И все-таки мой дом. Остается прежним. Я его так называл. Мой дом. И в самом деле. Там отец писал картину «Зал русской славы». И работал он. В том самом эрмитажном зале. Который он тогда так и называл. Мольберт стоял посредине. Зрители мелькали. Перед глазами и за спиной. Кое-кто подходил, стоял и рассматривал холст. На мольберте. Сравнивал. И в приглушенном шуме. Громадного зала. Молча. Отступал назад. И потом пропадал. Или уходил в глубину громадной картины.
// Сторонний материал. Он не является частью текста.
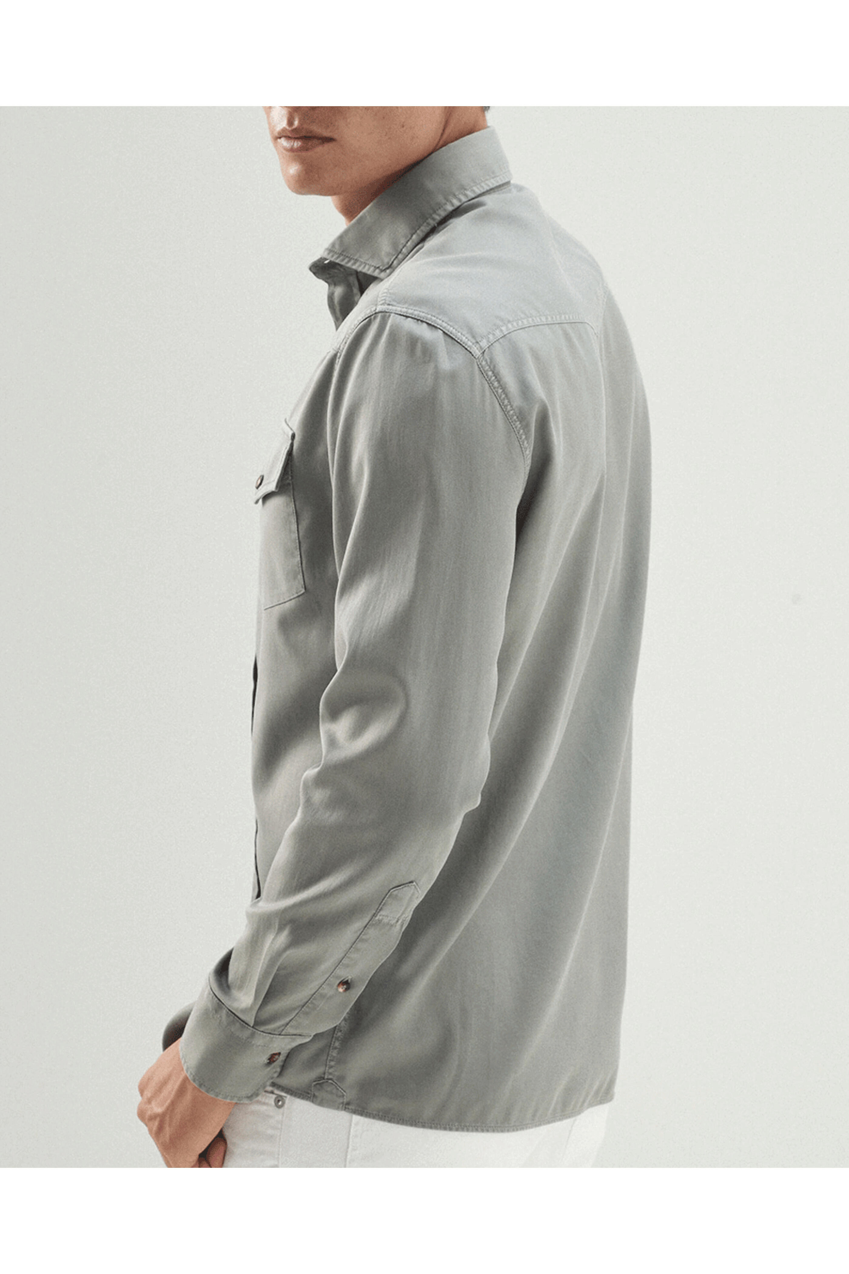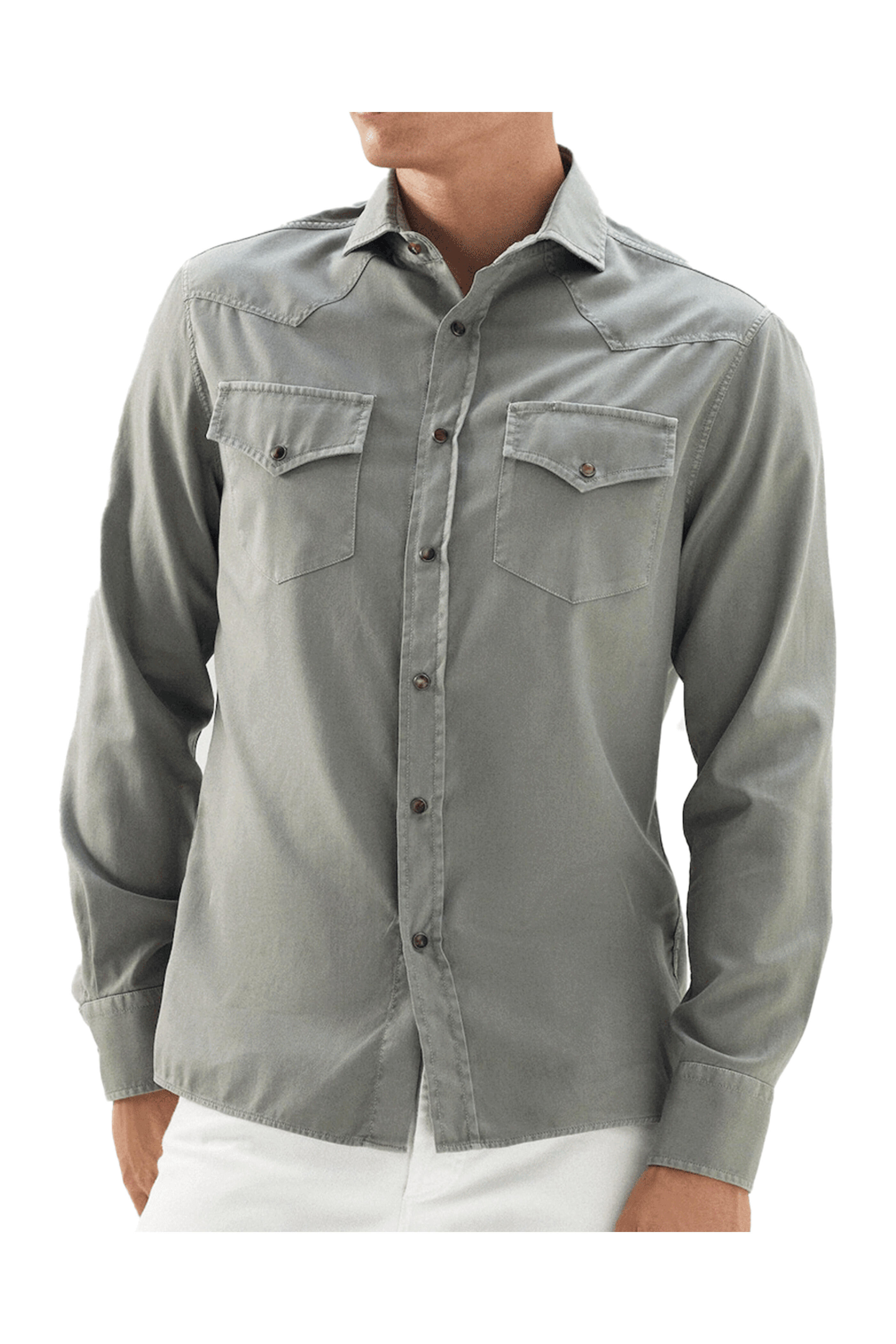 - Brunello Cuccinelli Sage Green Western Snap Sportshirt

Отец не отвлекался. И понемногу. Все привыкали и привыкли к нему. И я привык. Он точно так. Дома у нас. В той комнате, которую называл мастерской. Писал большие картины. Значит, и этот зал. Стал его мастерской. И я приходил в Эрмитаж. Как к себе домой. И мог свободно бродить по разным комнатам этого дома. И любил возвращаться. В тот зал, где работал отец.
И, мне кажется, он тоже любил и ждал. Когда я вернусь. Оглянется на меня. И продолжает работать. А еще больше. Он любил. Чтобы я. Уже в сотый раз бродил по этому залу. И разглядывал то, что на стендах.
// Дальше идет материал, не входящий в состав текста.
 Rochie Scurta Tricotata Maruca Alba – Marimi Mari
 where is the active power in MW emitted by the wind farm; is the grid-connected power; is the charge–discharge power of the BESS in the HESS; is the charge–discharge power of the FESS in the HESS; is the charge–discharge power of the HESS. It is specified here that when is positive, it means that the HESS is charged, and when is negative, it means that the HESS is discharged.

Тысяча восемьсот двенадцатый год. Сражения в рамах. Шпаги крест-накрест. Мраморный бюст. Наполеон. Улыбка. Поневоле. Стоит одиноко. В нашей толпе. И я вопрошал его. И удивлялся. Почему он как римлянин. В этом зале. И я оглядывался. И каждый раз. Издалека. Сквозь толпу. Замечал. Отец неподвижно держит кисть у холста. И оттуда. Видит меня.
Потом он тоже привык. И перестал замечать. И чем больше и подробней у него на холсте возникал золотой разноцветный зал. Тем спокойней становились. Его движения. И тем дальше он порой отходил от холста. И люди. Понимали. И не мешали ему. И я это видел.
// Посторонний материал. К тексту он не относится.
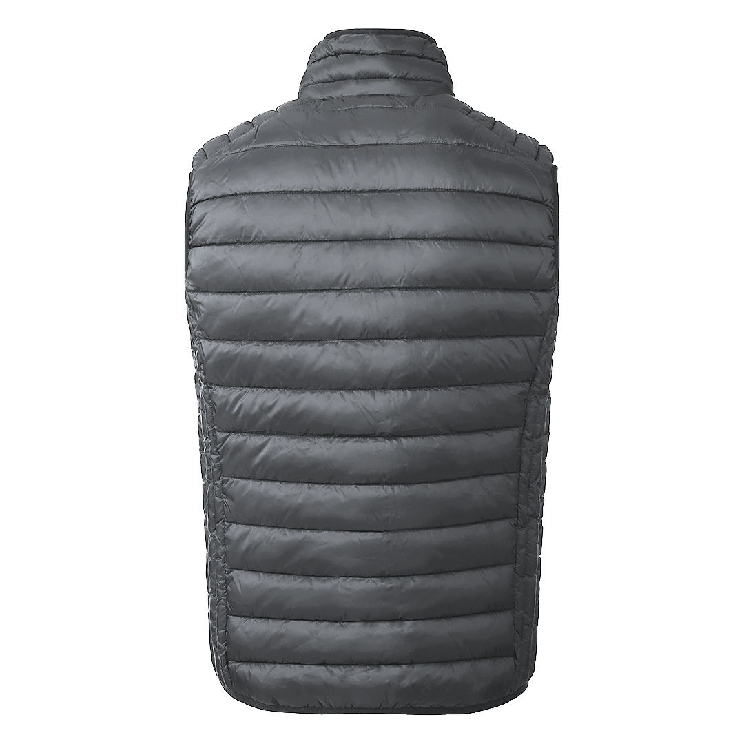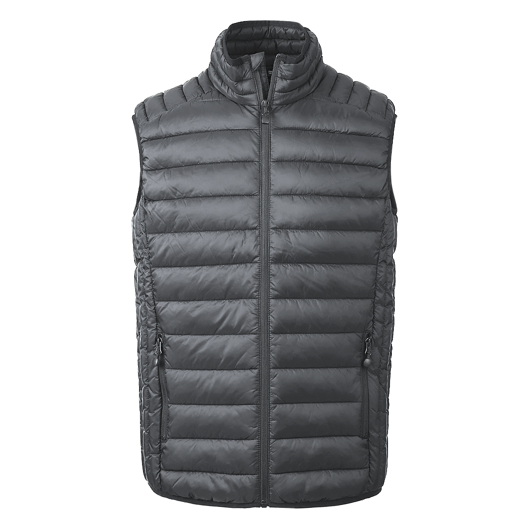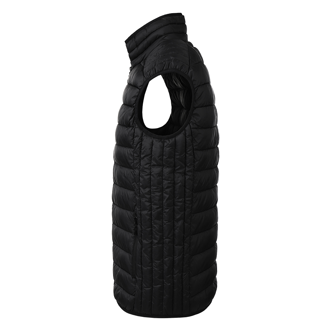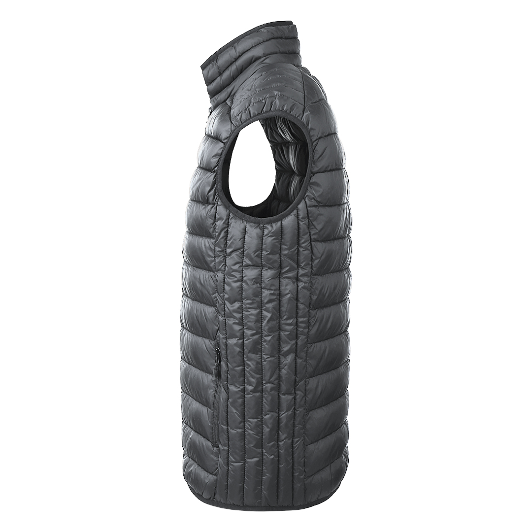 Prsluk sa laganim punjenjem, štepani, dva prednja džepa sa rajsferšlusom, elastični paspuli oko ramena i džepova, vrećica za pakovanje

Много военных. Группами. У стендов и бюстов. Под бледными знаменами… Которые свешиваются к ним. С потолка. Почти прозрачные. Те, наши. И французские. Вперемешку. И как будто сейчас. Только что было сражение. И вот повесили. Как попало. Это приятно и хорошо. У карнизов битва. А внизу, на паркете – порядок. И я, как у себя дома, принимаю гостей.
Мне кажется, что все они, гости, пришли в этот зал, чтобы позировать папе. И не надо стоять неподвижно. Ходи и смотри. А потом сравнивай. Что на холсте и что в зале. И если все совпадает, опять ходи и смотри. Но что-то на холсте все равно будет не так. И, погуляв по залу, они снова подходят. Во всяком случае я так хочу. И вот издалека всматриваюсь в каждого из военных. И, наконец, я сам стою в сторонке у отца за спиной.
Папа чувствует мой взгляд и на какой-то миг прерывает работу. И тут, я вижу, ему вроде бы впервые стало не по себе. Он пятится ко мне с палитрой в руках. Сначала спиной. А потом оборачивается. И мы видим друг друга. Он молча спрашивает меня о чем-то. Молча. И я отвечаю. Как умею. И как могу отвечать.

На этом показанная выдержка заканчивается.